------ Exercise input
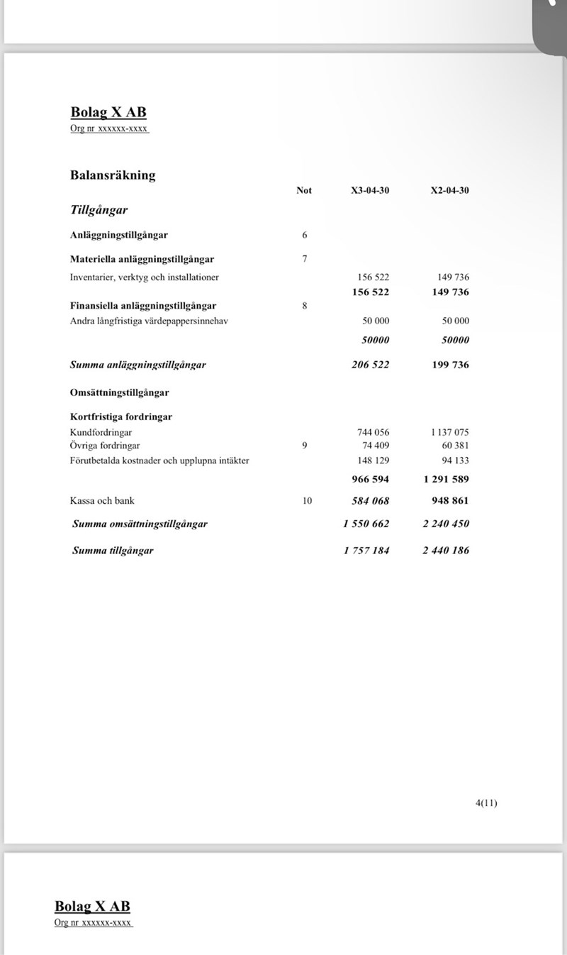 OT1 = Kassa och bank 584 068 + Kundfordringar 744 056 , VAD MER SAKNAS?
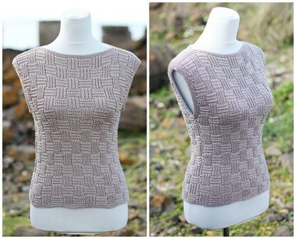 Composed of a beautiful textured pattern using DK yarn. Worked flat, bottom up. Front and back alike. Seamed at the sides and shoulders.
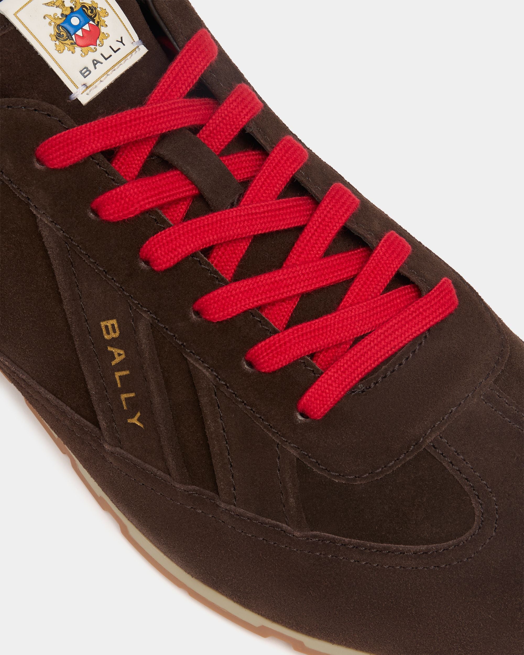 This lace-up Quarry sneaker in Ebano calf suede is embellished by a Bally logo and a minimalist tone-on-tone ribbon at the side. The sole is in ultra-slim TPU. an expression of the iconic design and advanced performance that have distinguished Bally since 1851.
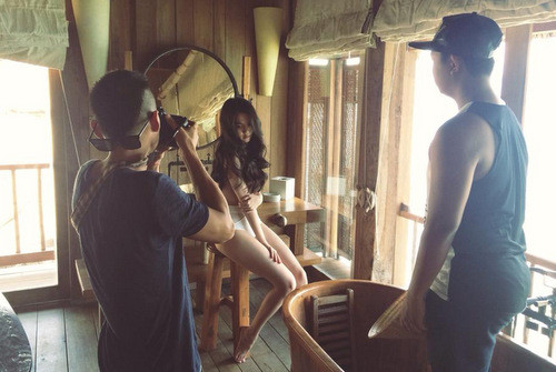 Cô khá hài lòng với thành quả trong lần đầu hợp tác với nhiếp ảnh Tang Tang. Stylist Đỗ Long, bạn thân của Ngọc Trinh, cũng đi cùng để hỗ trợ người đẹp.
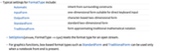 Automatic inherit from surrounding constructs InputForm one-dimensional form suitable for direct keyboard input OutputForm character‐based two-dimensional form StandardForm standard two-dimensional form TraditionalForm form approximating traditional mathematical notation - SetOptions[stream,FormatType->type] resets the format type for an open stream.
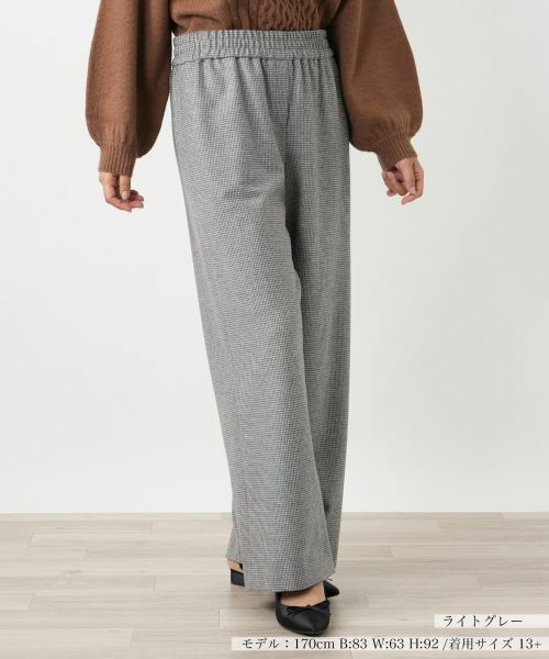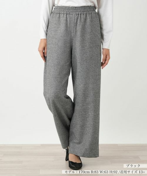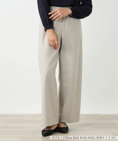 毛を主体とした素材にポリエステル、レーヨン、ナイロン、ポリウレタンをブレンドした、暖かく快適なワイドパンツ。しなやかな肌触りと優れたストレッチ性で、長時間の着用でもストレスフリーです。ゆったりと広がるワイドシルエットは、脚のラインを拾いすぎず、優雅な動きを演出。ウエストはゴム入りで、窮屈感なくフィットします。裏地付きで、安心してご着用いただけます。秋のデイリースタイルから、きれいめなオフィススタイルまで幅広くお楽しみいただける一本です。
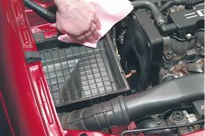 7. Удаляем грязь из корпуса и крышки корпуса воздушного фильтра.
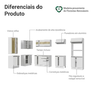 Fabricada em 100% MDF, a linha Smart garante durabilidade e alta resistência. Toda a cozinha é em branco, proporcionando um visual clean e elegante. A cristaleira e o aéreo possuem portas em vidro reflex, que agrega sofisticação e modernidade ao ambiente.
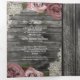 Invitación Tríptica Rosas rosadas polvorientas y Boda de madera gris d
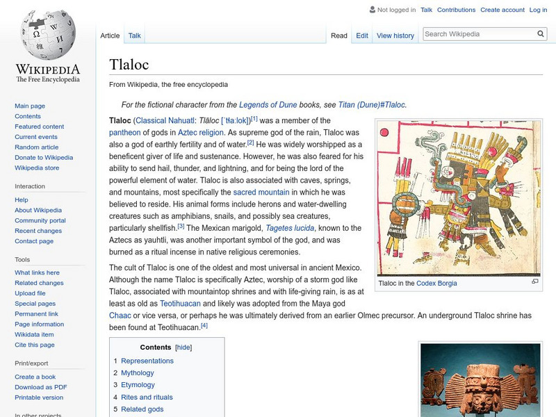 This site from the free encyclopedia Wikipedia contains brief but informative information on the Aztec god, Tlaloc. Great for background knowledge on the subject.
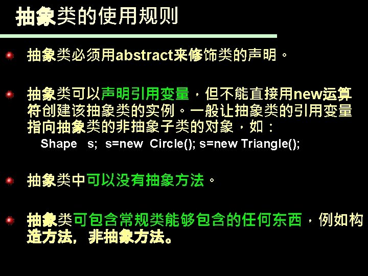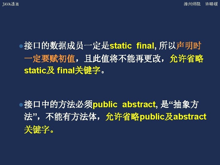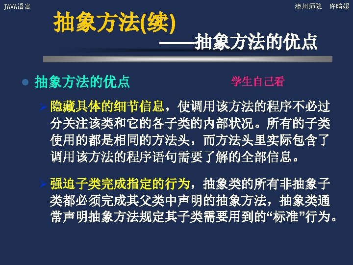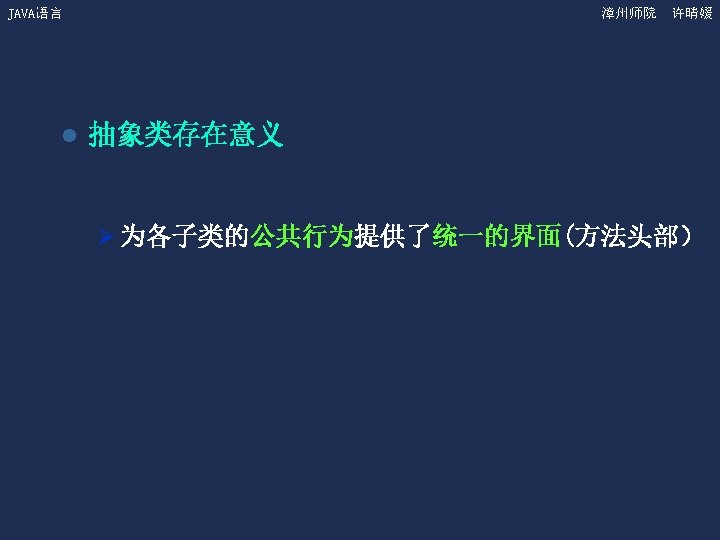 JAVA语言 漳州师院 许晴媛 抽象类和抽象方法例子 Shape s; s=new Circle(); s. get. Area(); s=new Triangle(); s. get. Area();
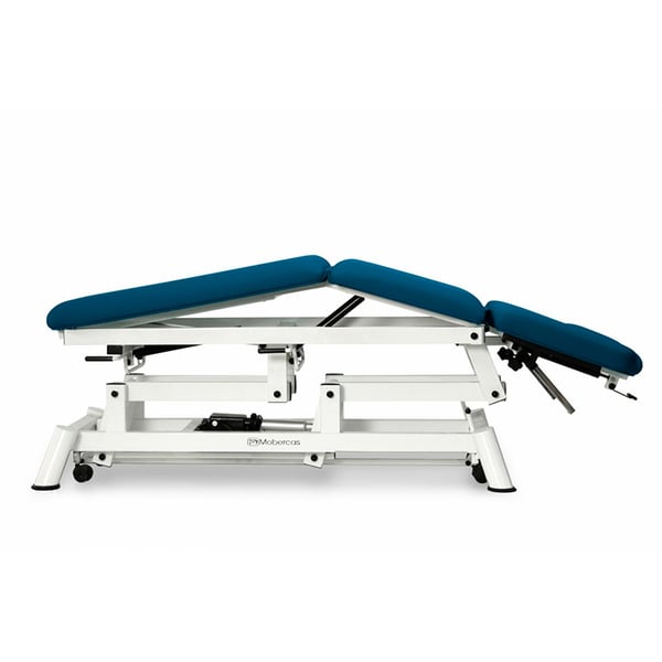 Camilla eléctrica para osteopatía: cinco cuerpos con respaldo reclinable en negativo, reposabrazos regulables, portarrollos, tapón facial y ruedas escamoteables (dos modelos disponibles)
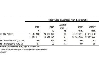 Turizm geliri Ekim, Kasım ve Aralık aylarından oluşan IV. çeyrekte bir evvelki yılın tıpkı çeyreğine nazaran %6,8 artarak 12 milyar ...
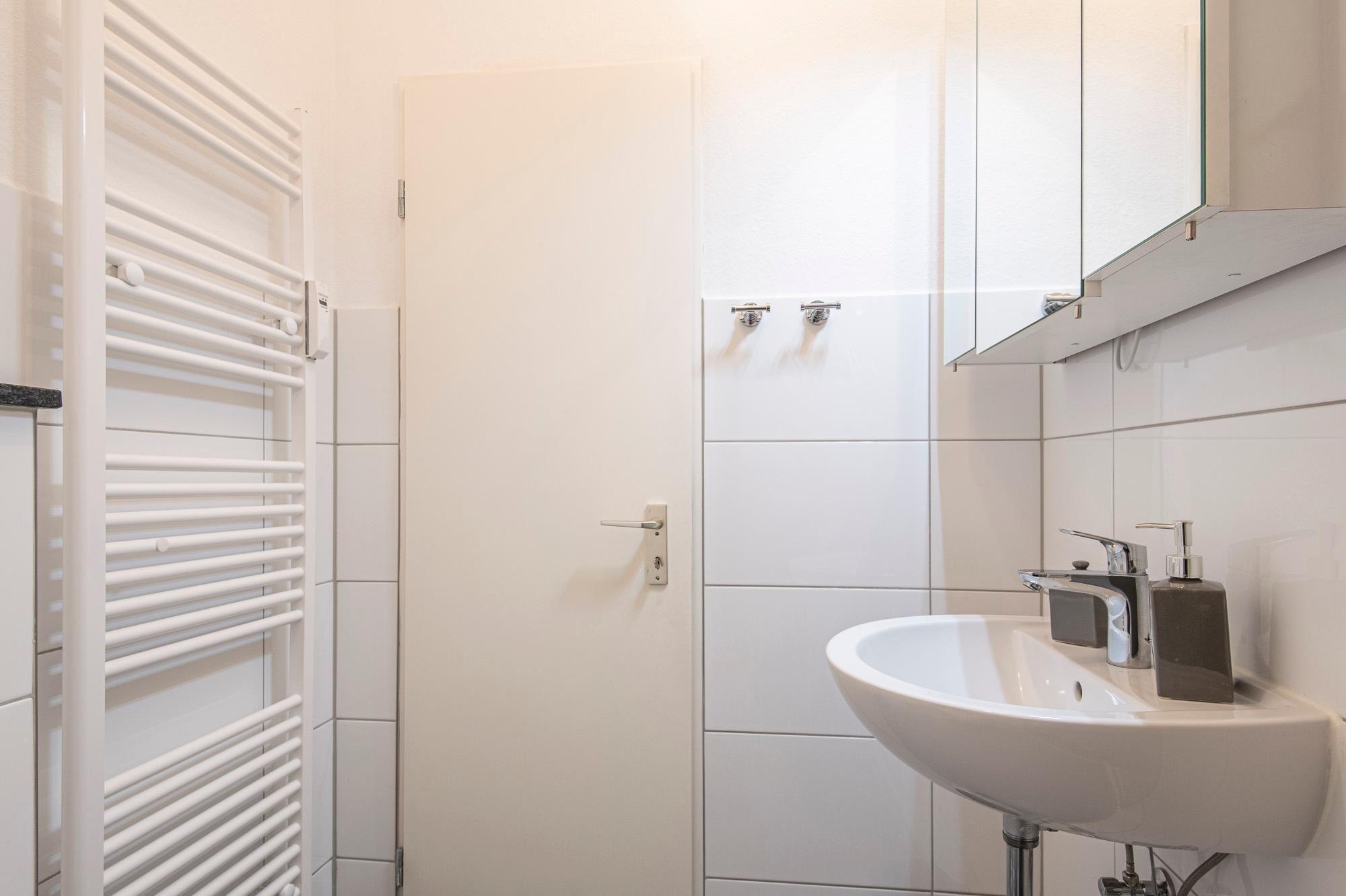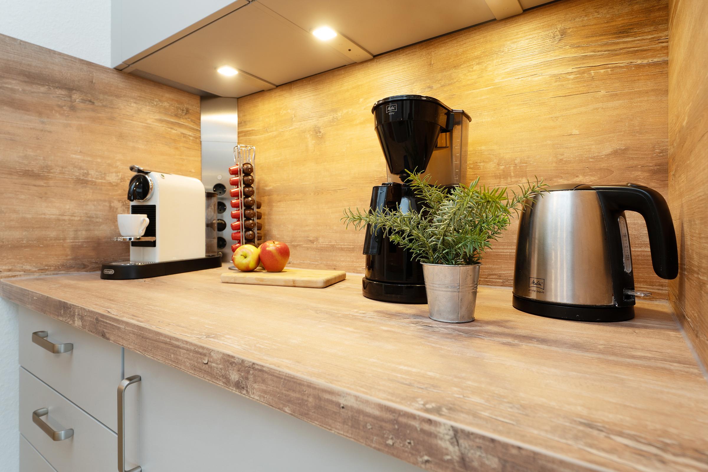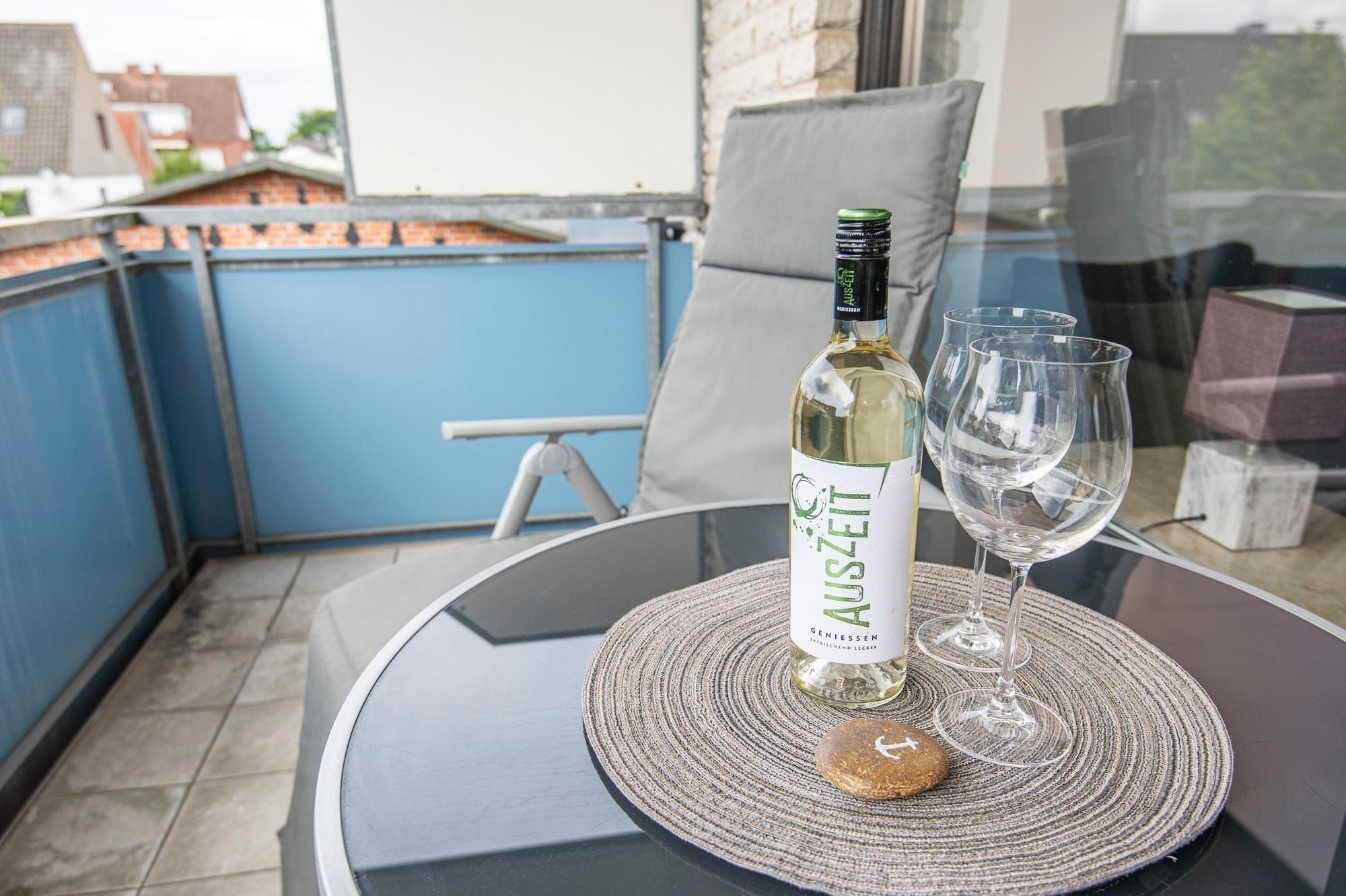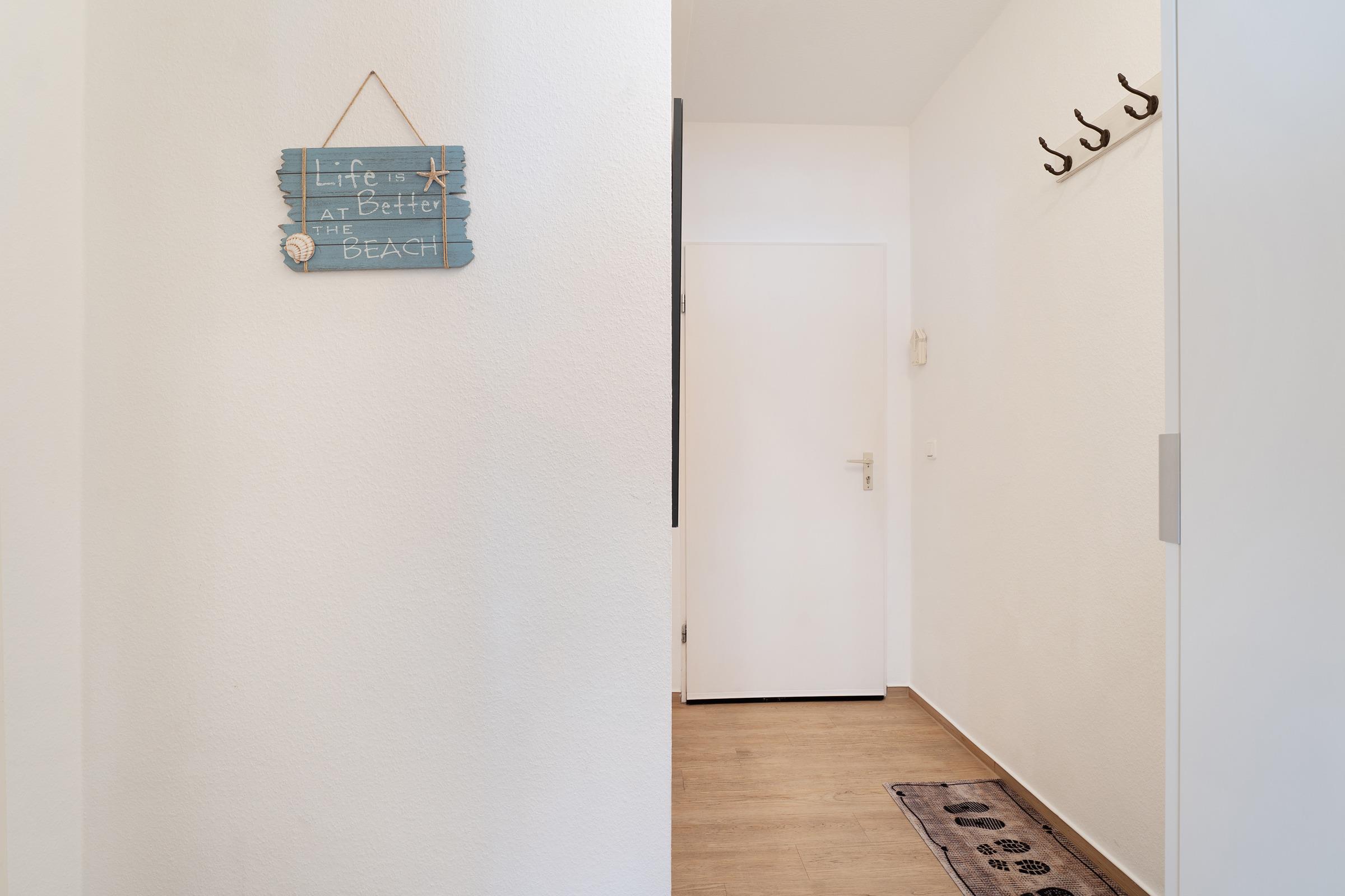 Urlaub total – hinterm Deich in der 2. Reihe. Die kleine, sehr feine Wohnung befindet sich im Haus Deichhof und ist rund 100 Meter vom Strand entfernt. Der Wohnbereich empfängt Sie mit einer wunderbar großzügigen, kuscheligen Sofa-Ecke. Machen Sie es sich hier gemütlich – Ihr Urlaub kann beginnen. Direkt neben dem Sofa geht es raus auf den möblierten Süd-Balkon. Hier können Sie tagsüber das schöne Wetter genießen – oder auch den Abend bei einem Glas Wein ausklingen lassen. Zurück im Wohnbereich: Hier finden Sie auch eine schicke Ess-Ecke für 4 Personen. Die kleine moderne Küche ist zum Wohnzimmer hin offen – und doch in einer separaten Nische. Die Ausstattung kann sich sehen lassen. Eine Espressomaschine, ein Backofen mit integrierter Mikrowelle und weitere Annehmlichkeiten warten auf Sie. Für die Nacht sorgt ein gemütliches Boxspringbett (160 x 200 cm) – und die süßen Träume von der herrlichen Ostsee können beginnen. Das hell gefliestes Badezimmer verfügt über eine bodentiefe Dusche sowie einen Handtuchwärmer und garantiert einen guten Start in den Tag.
------------
**Aim of the task**
Within the listing above, the stretch from the line with "Cô khá hài lòng" down to the line with "Fabricada em 100%" is to be given again exactly, end lines included and pictures excluded.

**Answer to this exercise**
 Cô khá hài lòng với thành quả trong lần đầu hợp tác với nhiếp ảnh Tang Tang. Stylist Đỗ Long, bạn thân của Ngọc Trinh, cũng đi cùng để hỗ trợ người đẹp.
 Automatic inherit from surrounding constructs InputForm one-dimensional form suitable for direct keyboard input OutputForm character‐based two-dimensional form StandardForm standard two-dimensional form TraditionalForm form approximating traditional mathematical notation - SetOptions[stream,FormatType->type] resets the format type for an open stream.
 毛を主体とした素材にポリエステル、レーヨン、ナイロン、ポリウレタンをブレンドした、暖かく快適なワイドパンツ。しなやかな肌触りと優れたストレッチ性で、長時間の着用でもストレスフリーです。ゆったりと広がるワイドシルエットは、脚のラインを拾いすぎず、優雅な動きを演出。ウエストはゴム入りで、窮屈感なくフィットします。裏地付きで、安心してご着用いただけます。秋のデイリースタイルから、きれいめなオフィススタイルまで幅広くお楽しみいただける一本です。
 7. Удаляем грязь из корпуса и крышки корпуса воздушного фильтра.
 Fabricada em 100% MDF, a linha Smart garante durabilidade e alta resistência. Toda a cozinha é em branco, proporcionando um visual clean e elegante. A cristaleira e o aéreo possuem portas em vidro reflex, que agrega sofisticação e modernidade ao ambiente.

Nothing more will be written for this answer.